Using Active Listening When Your Child is Upset

(excerpted from the P.E.T. workbook)

In P.E.T., we use a conceptual Behavior Window to view behaviors of others = what we see them do, what we hear them say. When you see your child is upset (crying, slamming a door, saying their scared, etc.), in that moment, your child owns a problem. (That doesn’t mean that problem might not move in the window and become yours, too, but for right now, it’s theirs.) So what can you do? When your child “Owns a Problem” or is experiencing strong feelings and Basic Listening is not enough, then the Skill of “Active Listening” is needed.

When Do I Listen?

To successfully use your Active Listening tool when another person has a problem, a decision to make or strong feelings about something, you must:

1. Have time and be willing to listen

2. Want to understand and help the other

3. Be able to focus your attention on the other, not on yourself

4. Trust the child or other person to come up with solutions that are best for him

Why Do I Listen?

1. Relieves “emotional flooding”. When your child is experiencing a problem, feeling can overwhelm thoughts. A child can become emotionally flooded when feeling crowds out thoughts. Active Listening relieves emotional flooding and frees the intellect to get back to work.

2. Helps the other person (your child) to identify her real problem. When your child tells you about a problem, it is easy to immediately begin thinking about how you can help him/her resolve that situation. But what the child first tells you is not the real or complete problem. Most problems are like onions; they have a number of layers. By Active Listening to the child, you can help her peel back the layers of the problem and identify the central issue.

Presented Problem: “I hate doing this stupid homework!”

Second Layer: “I am so bored and tired of staying at home.”

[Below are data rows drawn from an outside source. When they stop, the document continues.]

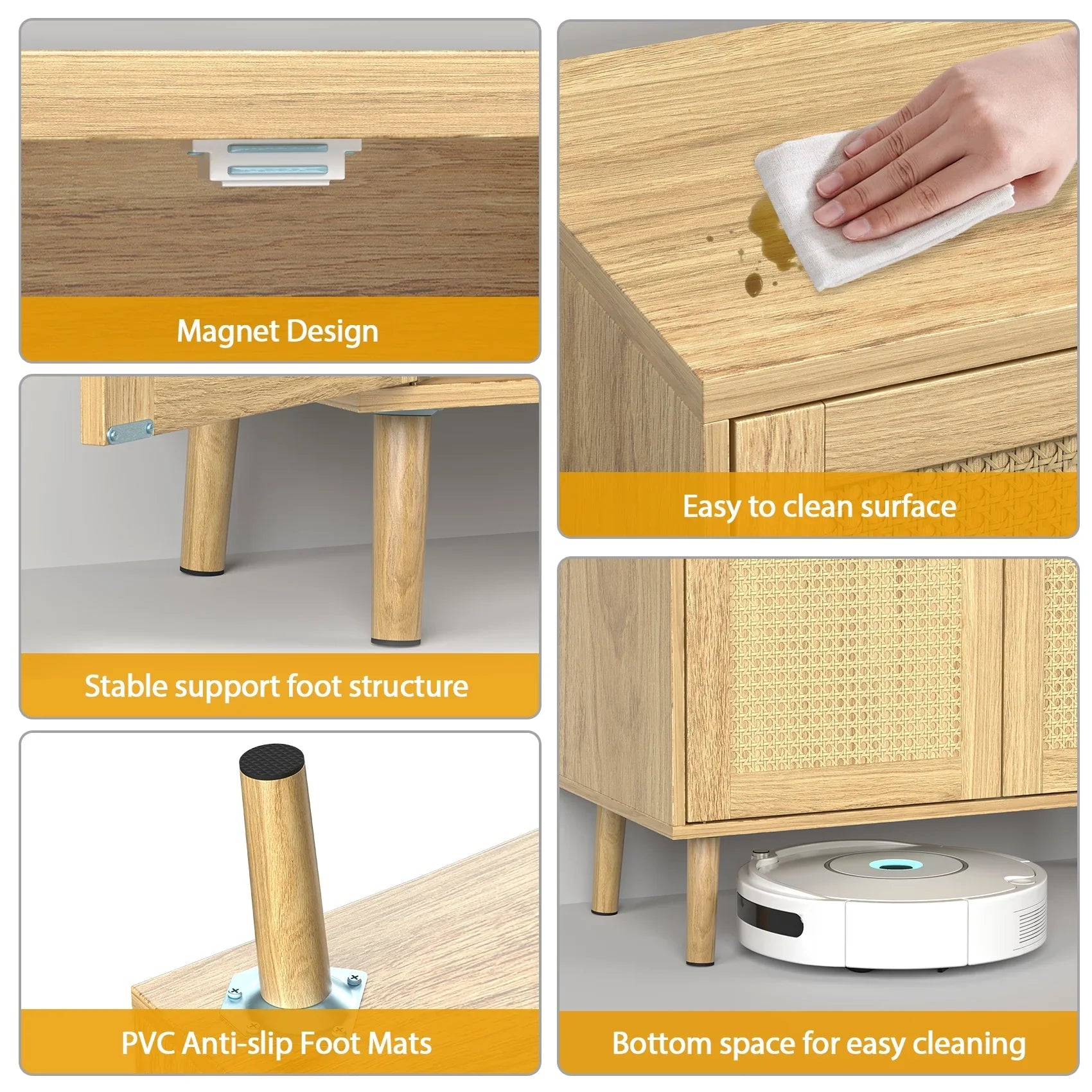 JOZ Wooden Sideboard Buffet Cabinet with Storage, Rattan Door and Solid Wooden Feet, for Kitchen, Hallway, Entry and Living Room, Natural
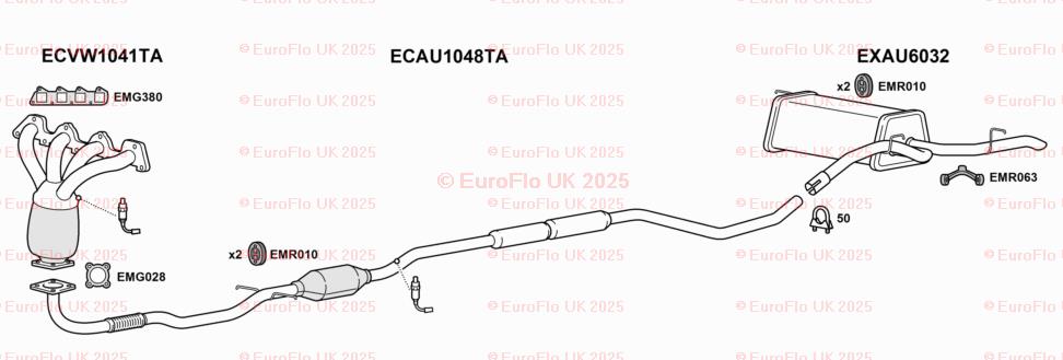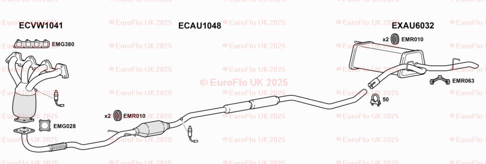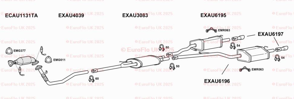 Audi A4 U Bolt Exhaust Clamp - Size: 50mm with M8 Nuts
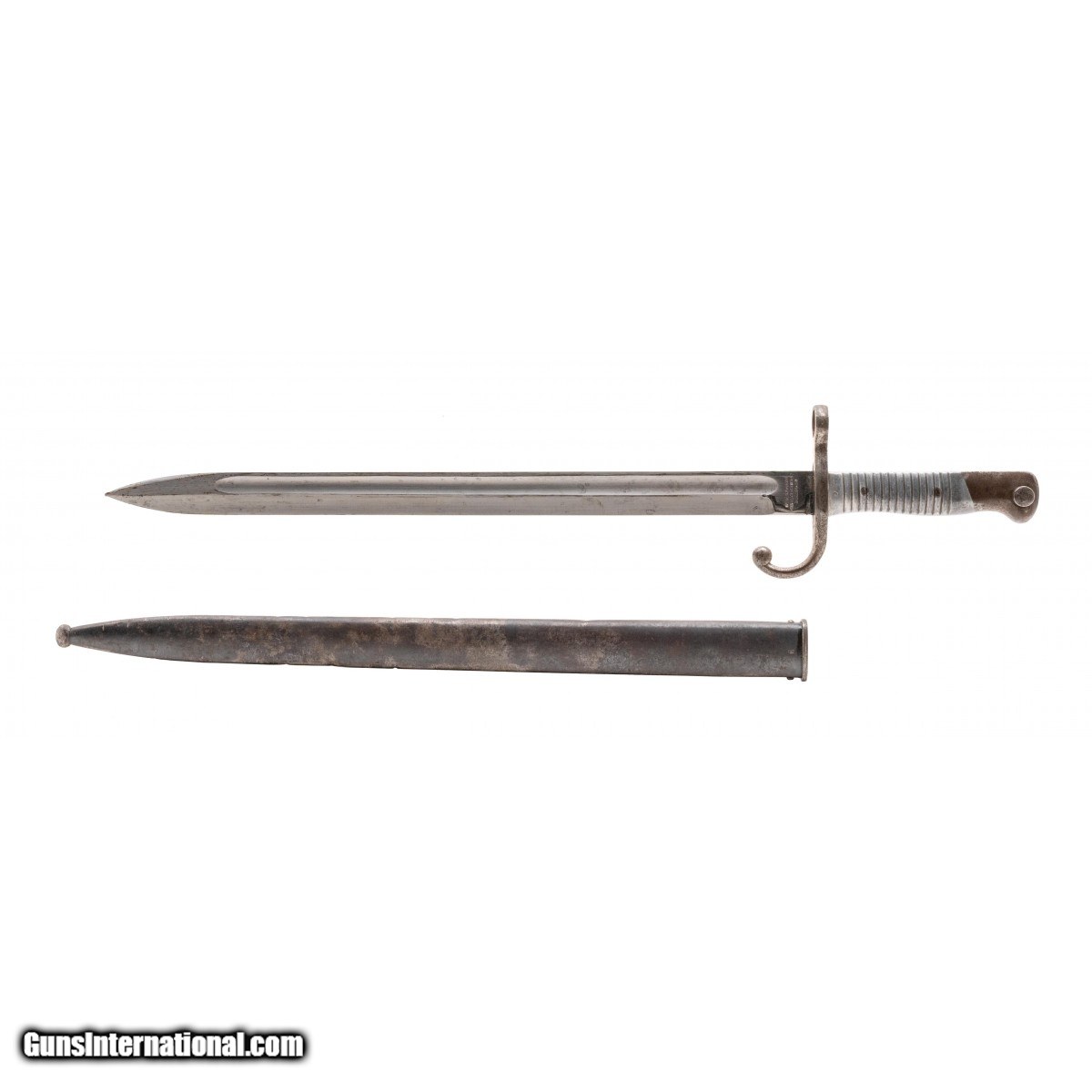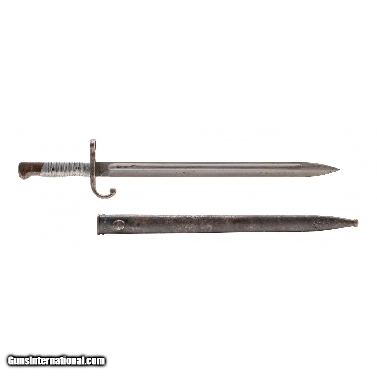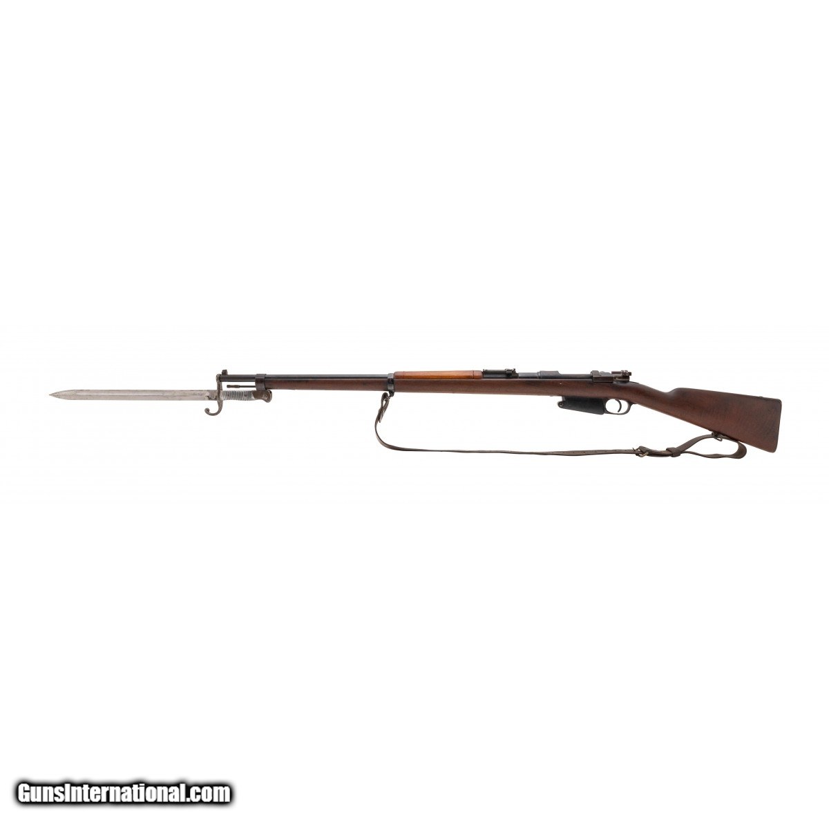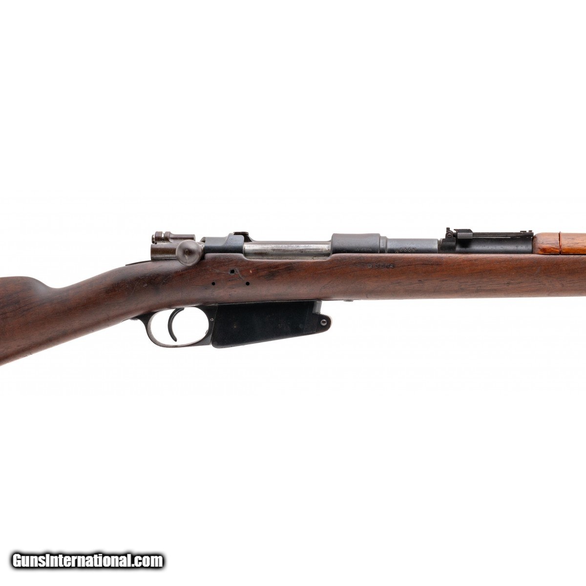 Description: " Serial No. A6364, circa 1891, 7.65x53, 29.5"" round barrel. Serial numbers are matching, bore is good with light frosting visible in the grooves. Rifling remains strong. Stock has 3 holes right side above the magazine, upper forearm has been replaced. Light wear is noted. Action functions correctly, comes original bayonet with a 15.75"" length blade. Consignment SOLD Antique: Yes |
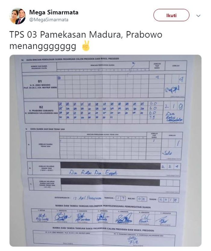 "TPS 03 Pamekasan Madura, Prabowo menanggggggg," tulis @MegaSimartama.
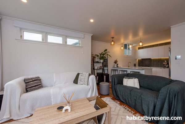 Russell, a project manager at Parliamentary Service, and Anna, a general manager at KiwiRail, managed to split the two levels as planned. They changed four bedrooms and a staircase into three bedrooms with a living room, bathroom and kitchen on the upper main dwelling. They got the space to a liveable state in the nick of time, with plumbing finished in the bathroom and kitchen the day before their child arrived.
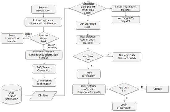 Moreover, the factory manager will be able to perform rescue and accident control immediately when there is an emergency. Workers’ positions and their numbers will be determined for further measures. Figure 18 describes the algorithm developed for the security validation and warning system. The workers’ beacon signals will be checked when they access the factory facilities. The voltage level, beacon ID, RFID, and signal strength of each beacon are checked for analysis by the server so that if the worker has been allowed to access any of the factory facilities in normal working hours, he will be accepted; otherwise, he will need to get special approval. As the current positions of the workers are continuously transmitted to the server through a portable device and the beacons are connected to various smart devices/equipment, the beacon manager can estimate the distances and other necessary data. The position data is then accumulated at the server to generate statistics useful in determining the most efficient worker traffic. If the workers attempt to approach or enter a certain restricted/unauthorized area, a warning SMS will be sent to the worker and the safety manager with alarms.
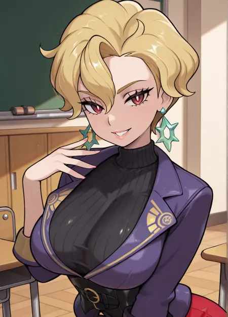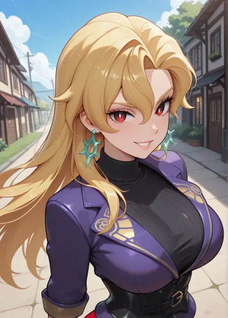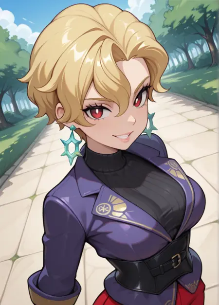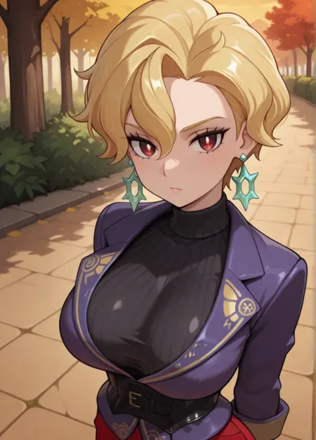 briarxd, 1girl, earrings, jewelry, blonde hair, red eyes, short hair, hair between eyes,
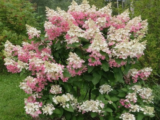 Соцветия крупные (до 30 см), конические, изящные, состоящие из крупных стерильных цветков на довольно длинных цветоножках. Начинает цвести в июле. В начале цветения соцветия белые,затем приобретают светло-розовую окраску разной степени насыщенности.
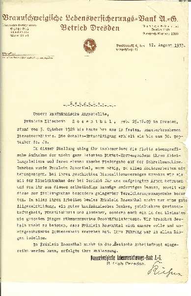 Entlassungszeugnis für Elisabeth (Lissy) Rosenthal vom 12. August 1933
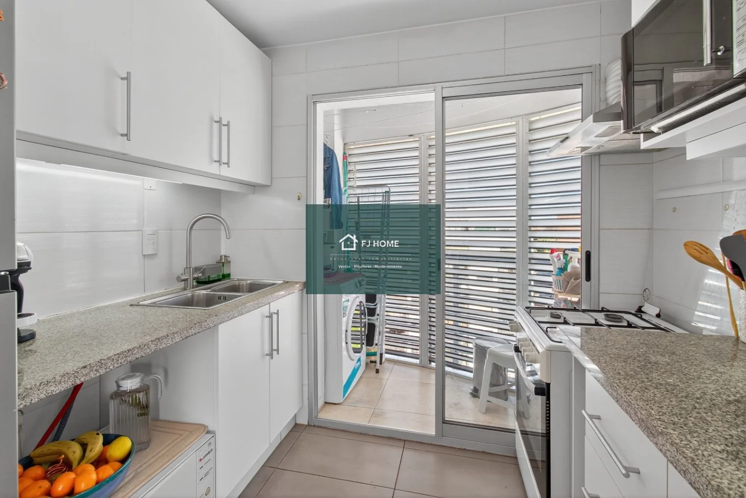 La cocina independiente está equipada con doble mesada y placares aéreos y bajo mesada, además de contar con salida a una terraza lavadero.
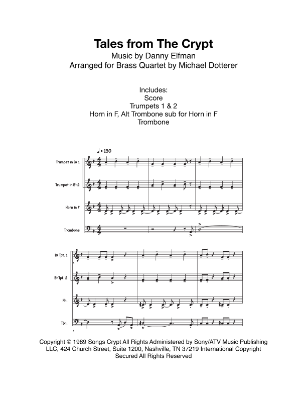 Theme from Tales From the Crypt arranged for Brass Quartet. Parts included: Score, Trumpets 1 & 2, Horn in F, Trombone, and an Alternate Trombone sub for Horn in F. Great for Halloween! Tales From the Crypt arranged for Brass Quintet. Parts included: Score, Trumpet 1, Trumpet 2, Horn in F, Alt Trombone (Horn in F), Trombone and Tuba. Great for Halloween. This arrangement is written for a few different types of ensembles. In the video demo, we combined two of the different ensembles, but it's basically the same arrangement. This video is also part of a medley combined with the Theme from The Munsters (which explains the abrupt ending in the video). For more info about the medley, visit www.hampton-brass.com.
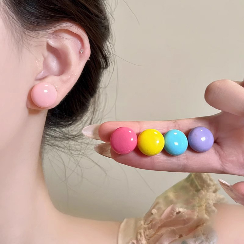 Dopamine Color Macaroon Candy Color Ball Earrings Women's Simple All-match Personality Elegant Exquisite Earrings Earrings
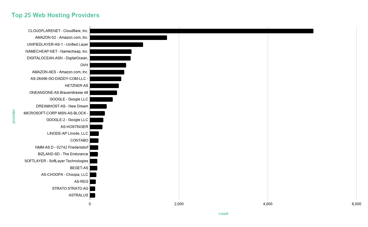 Figure 3: Top 25 hosting providers for COVID-19 themed domains in our dataset.
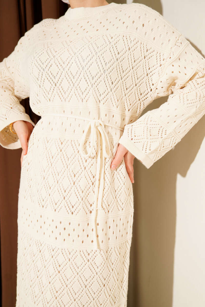 Baklava Desen Ajurlu Triko Elbise Vizon

Third layer: “It’s so weird, sitting at this computer to ‘go to school’, all by myself.”

Real problem: “I wish I could think of something to make it more interesting or something!”

3. Assists the child in solving her own problem. Once the “real problem” has been identified, most children as well as adults, have within themselves the solution that is best for them. Solving their own problems increases creativity, self-confidence and problem-solving abilities.